A $1.484m government grant will help Macadamia Processing Company Limited (MPC) fund energy efficient upgrades and expansions to its macadamia nut drying system.
The grant is part of the federal government's Clean Technology Food and Foundries Investment Program, which provides funds for investments in energy efficient capital equipment and low emission technologies, processes and products.
When completed in 2014, Macadamia Processing Company Limited's upgrades and expansion will reduce carbon emissions from the factory’s drying system by 99.6 percent and save an estimated $810,000 through reduced energy consumption and the reduced need for off-site storage of nuts during the busy harvest season.
MPC general manager, Steven Lee, said "The AusIndustry grant helps us achieve a significant reduction in our energy and storage costs which will allow us to return more money to our growers. By using energy efficient systems we are helping to drive an environmentally sustainable macadamia industry.

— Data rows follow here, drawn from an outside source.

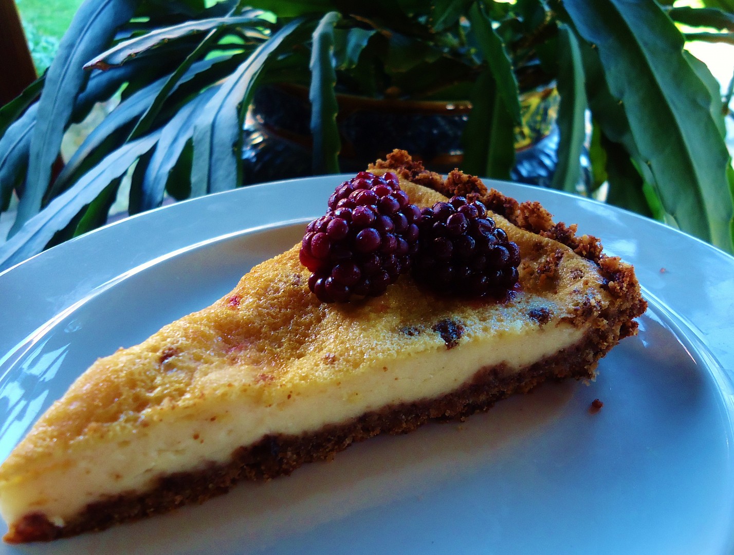 Krok 2: V míse či mixeru mezitím umixujte vejce, vanilkovou esenci, muškátový oříšek, máslo a podmáslí. Přidejte cukr, mouku a sůl. Pak mixujte asi dvacet vteřin, abyste získali dobře rozšlehanou směs. Nalijte ji na předpečený sušenkový základ a pečte třicet až třicet pět minut.
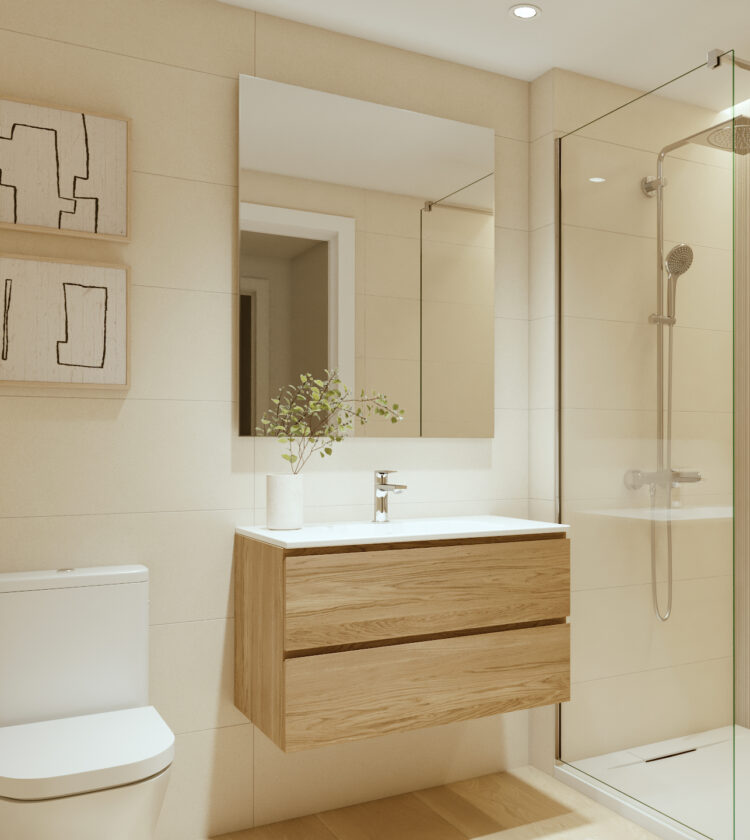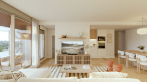 Todas las viviendas de AQ Querae están equipadas con sistemas de aerotermia, suelo radiante – refrescante, ventanas con rotura de puente térmico y acristalamiento tipo climalit o similar garantizando la máxima eficiencia energética. Además, todos los edificios cuentan con paneles fotovoltaicos.
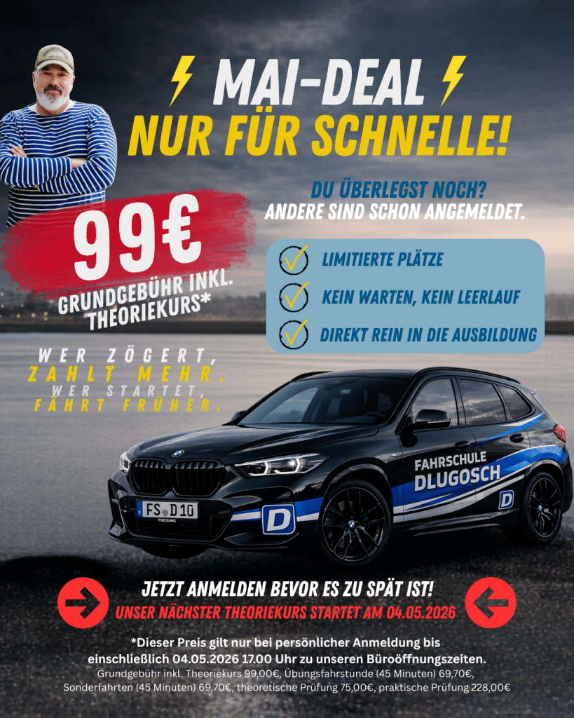 Seit Jahrzehnten ist die Fahrschule Dlugosch in Freising ein Begriff. Egal ob E-Bike, E-Car oder Auto – wir machen mobil.
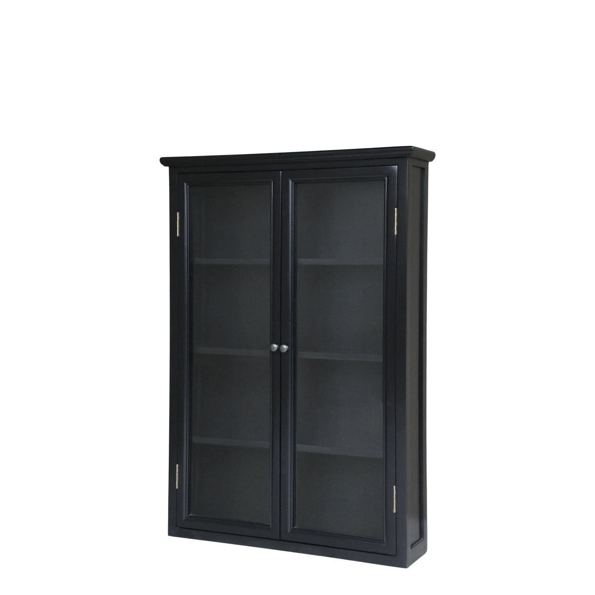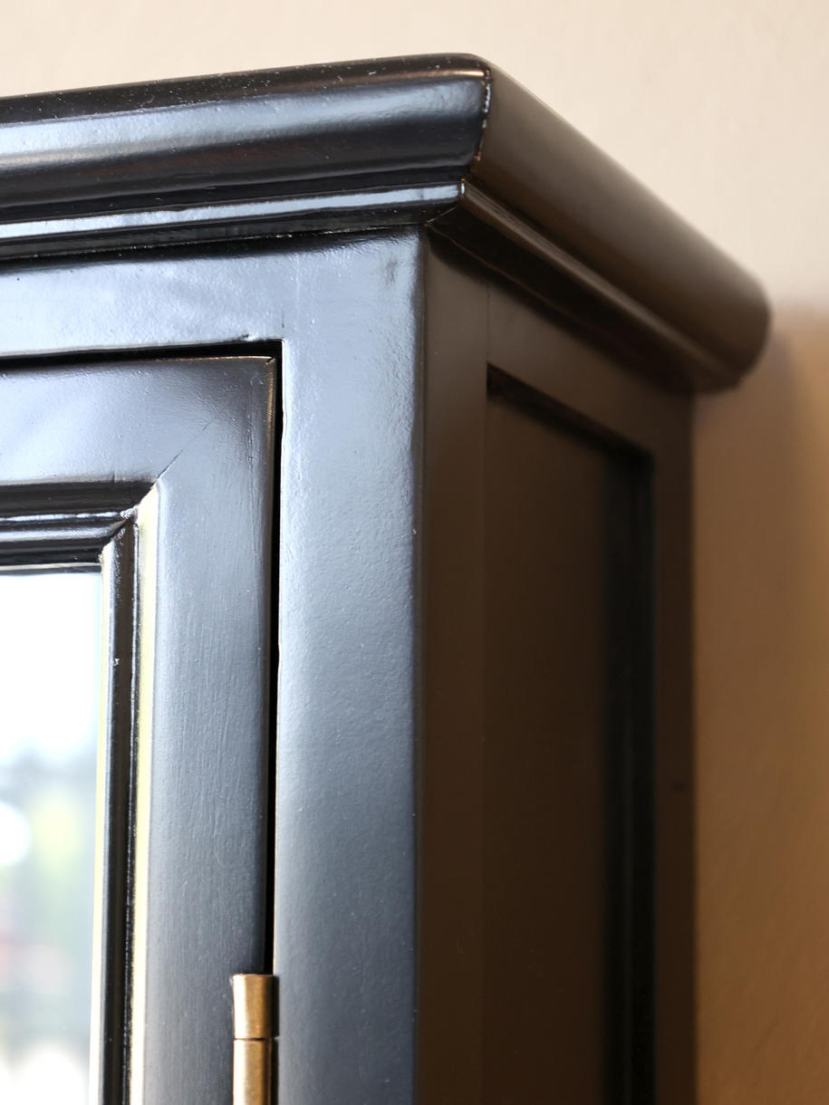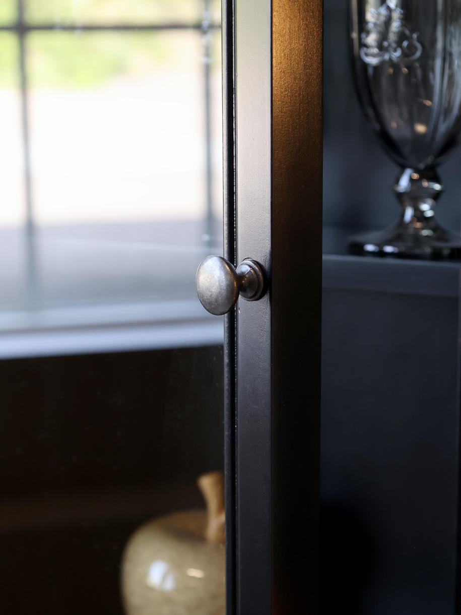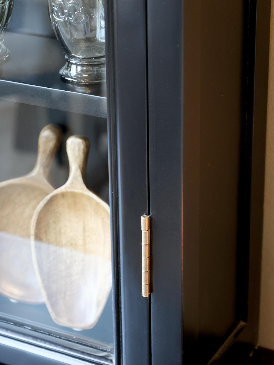 Til indendørs brug. Materiale Poppel, Glas, Finér. Væghængt Marseille vitrineskab fra Chic Antique er en elegant og pladsbesparende fortolkning af den franske landstil. Skabet er håndlavet i massivt poppeltræ med en sortlakeret overflade, der giver det et let og indbydende udtryk. Med fire hylder og to slanke glaslåger får du rig mulighed for at fremhæve dine mest skattede yndlingsting – fra fint porcelæn og glas, til dekorative genstande i alle rum.

"The upgrade has already started with modifications being made to the existing final stage drying room, where the nuts are dried down in preparation for cracking. This will be followed by the construction of a new energy-efficient drying building with capacity to store and dry 1,500t of macadamia nuts. When complete it will be the largest facility of its type for macadamias in the world.
"Both rooms will be insulated to prevent heat loss and computer controlled to ensure optimized drying without energy wastage. We will also install a hot water boiler that is fuelled by macadamia shells – a renewable fuel source that will replace the existing LPG system and further reduce MPC’s drying costs," Lee said.
MPC is owned by more than 200 Australian macadamia growers.
Other food manufacturers which have received a grant from the Clean Technology Food and Foundries Investment Program are Teys Meatworks, Robern Menz, Arnott's, Fonterra, De Bortoli and Barrossa Vintner.